Compassie is the first piece I made on my own in a very long time. I mean without Auriea Harvey with whom I have collaborated for almost two decades. I’m happy to have found three wonderful artists to collaborate with on Compassie (Jessica Palmer, Moné Sisoukraj and Zoe McCarthy). I like collaborating. I don’t like being the only author of a piece. I’m not an individualist. I’m a product of space and time. And for a while I was able to dissolve in a union with a partner. But Tale of Tales is dead. Song of Songs is a fitting new name: a poem about separation and longing. In part, the sadness that Compassie indulges in, is sadness for this loss. The god that we once were is dead. Though I doubt that this sacrifice will save humanity.
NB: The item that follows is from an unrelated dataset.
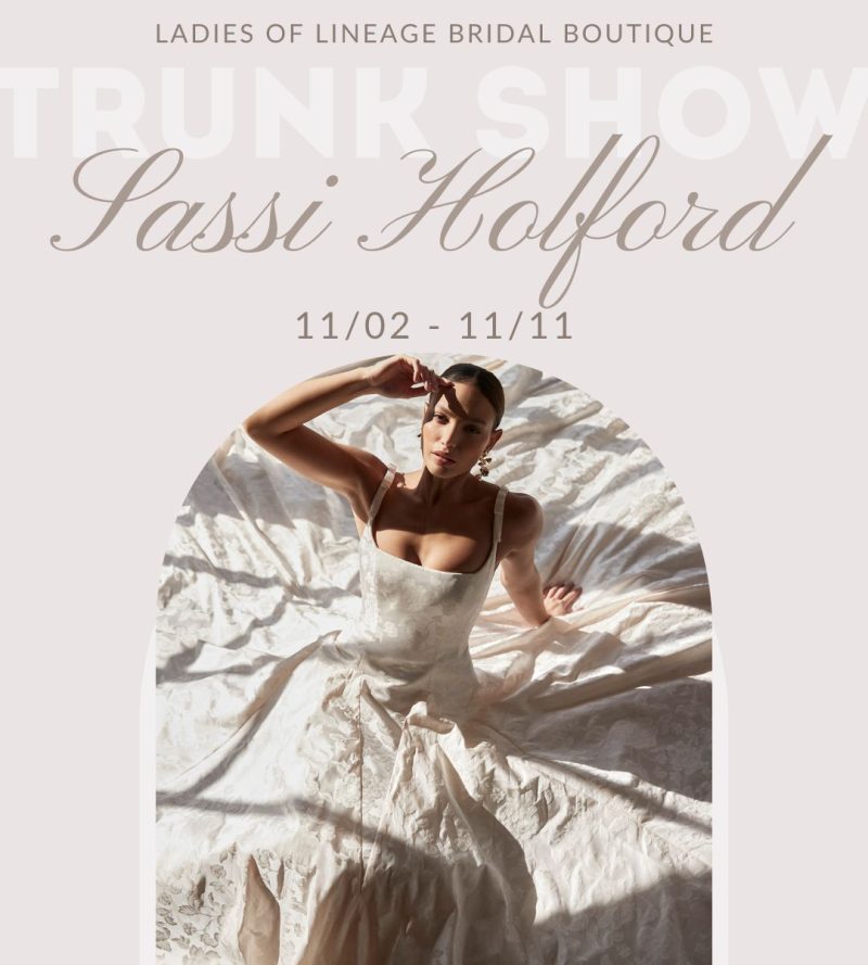 - 11/02 – 11/11 Sassi Holford Trunk Show Sassi Holford’s Harmony Fall ’24 collection is uncompromising in its embrace of the splendor of the wedding gown. Every design intentional; every detail rich with Sassi’s instinctive ability to harmonize luxurious fabrics with confident and nostalgic silhouettes. Contemporary, yet traditional, the collection combines nipped waists and striking necklines that frame the face and collar bone to make a memorable look. Classic duchess, beautiful jacquards, and sheer textured fabrics are an ode to the legacy of the wedding dress.

But Compassie is much more than that. It’s not really about sadness, it doesn’t generate sadness. It’s a place where you can bring the sadness that’s already inside of you, any sadness. Maybe in the end the beauty of Compassie is that it gives compassion to you, the user. More so perhaps than demanding it from you for its subject, as the traditional pietà might. By allowing you to indulge in your sadness, it expresses compassion. It’s alright to be sad here. You have plenty to be sad about. There is no shame here, no guilt. You are sad. Come here, and be sad. Just, be sad.

—Michael Samyn.


(1) We live in a time of numbers. And the numbers make us feel like failures. Because there’s always something that gets higher numbers. And it is invariably something that doesn’t seem as interesting as your own. To the point where we almost have to consider quantity to be diametrically opposed to quality: the more popular, the worse the art. If this is childish then it fits perfectly with the spirit of social media which turn us all into envious teenagers trying hard to seem cool.
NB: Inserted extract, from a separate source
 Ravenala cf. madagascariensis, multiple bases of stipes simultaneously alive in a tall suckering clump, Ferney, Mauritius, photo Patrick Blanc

(2) In my stubborn devotion to sincerity I may have fallen into the trap of austerity. I may have fallen in love with the void too much and forgotten about the sensations of sensuality that pervade even the most terrifying works of the old masters. I may have made it too easy for the user to be satisfied, to be fulfilled. There’s not enough unanswered questions. Literally: not enough. In my next piece I will pay attention to quantity. It’s more important than I thought.

(3) It seems normal that a new creative technology would invite a lot of artistic research. But in the current social economic climate this is just not the case. We have seen this in web design, in videogames and now it’s happening in virtual reality. Or rather not happening. Most of what we use new technology for is trying to do the same thing we did with slightly older technology. So we make books in websites, board games in videogames, and videogames in VR. To the point where it seems like every time we may be discovering something interesting in a some technology they make it obsolete by inventing something that allows us to start back from zero, where we feel more comfortable.

(4) I consider art with a message to be propaganda. And I do not have a high esteem for propaganda. I consider more valuable an art that allows me to explore myself and the world, and the ideas that connect the two. For that reason the artist needs to refrain from communicating too much.

(5) Sometimes I wonder if there’s something wrong with me, psychologically, for not wanting to be successful. Is this fear? Am I a coward, afraid of failure? But my real problem is that I actually do have a desire to please people but that I’m simply not very good at it. And what makes matters worse, and unacceptable, is that my art suffers under my attempts to please. I can only make things like Compassie when I devote myself to the work. When my only goal is beauty. This is my sacrifice. I nail my vanity to the cross. And I weep. And I pray.